To simplify the registration procedure for bulk registrants and to optimize network traffic, bulk registration is performed with one request, which must be submitted to the TC: TPrivateService (AttributePrivateMsgId=8197). The TC distributes T-Events for all DNs that it owns to a respective client when this request is processed. The client can select the events it needs to receive through this connection and to filter out unnecessary UserData using InputMask and UdataFilter extensions correspondingly.

The state of each active DN in the TC is reported to the bulk-registrant client when it registers. The TC generates one EventPrivateInfo (AttributePrivateMessageId=8197) per DN. Each message contains the same information as EventAddressInfo plus some additional parameters.

Interaction Proxy

Scalability of call-monitoring clients

Interaction Proxy (IProxy) is a new T-Library interface of SIP Server, which is activated when SIP Server is operating in cluster mode. This interface distributes call-related T-Events across a pool of T-Library clients, such as ICON and Stat Server. Those clients need to receive information about all calls handled in the system. However, it is often the case that one client cannot handle the call load that is processed by one SIP Server. The IProxy interface allows several clients of the same type (for example, multiple Stat Server instances) to identify themselves as one pool. IProxy balances the call load across the clients in one pool, so that each client handles only a fraction of the load. The IProxy interface also enables the scaling up of the number of T-Library clients.

Distributing interactions

The IProxy interface distributes interactions to its clients. However, an interaction can contain one or multiple calls, such as both primary and consultation calls. IP Proxy ensures that all T-Events that are related to all calls that belong to the same interaction, are sent to the same client.

Each client in the pool handles a unique set of interactions compared to other clients in the same pool, but the set of interactions that is sent to different pools are identical. For example, if there is a pool of ICON and another pool of Stat Servers connected to the same IProxy interface, then both pools will receive an identical set of interactions.

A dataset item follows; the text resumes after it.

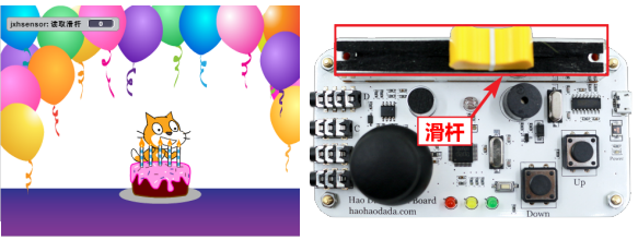 要完成本课范例,可以先添加舞台、角色,设置舞台和角色的初始状态;然后根据音乐的音量与滑杆参数值、房间亮度与滑杆值参数之间的关系,通过传感器板上的滑杆调整生日晚会的音乐和灯光,滑杆值越大,音乐越响,灯光越亮。

Client connections to IProxy

The IProxy client uses a TPrivateService request (8192) to identify itself as a member of a new or existing pool. This request must include the extensions ClusterId and NodeId. ClusterId must be the same for all members of the same pool, and NodeId must have a unique value for each pool member. This information allows IProxy to add a new client to a pool and to start sending an equal share of interactions to it. A cluster client registration request might also include a UdataFilter extension, containing a list of events for which this client wants to subscribe.

When a client registers for a new pool, and is therefore the first client in the pool, the IProxy sends information about all active interactions to that client. Information is distributed in a form of a snapshot consisting of call monitoring events EventCallCreated and EventPartyAdded. This information allows the IProxy client to build a valid view of active interactions. The snapshot is sent only to the first client registered in a pool.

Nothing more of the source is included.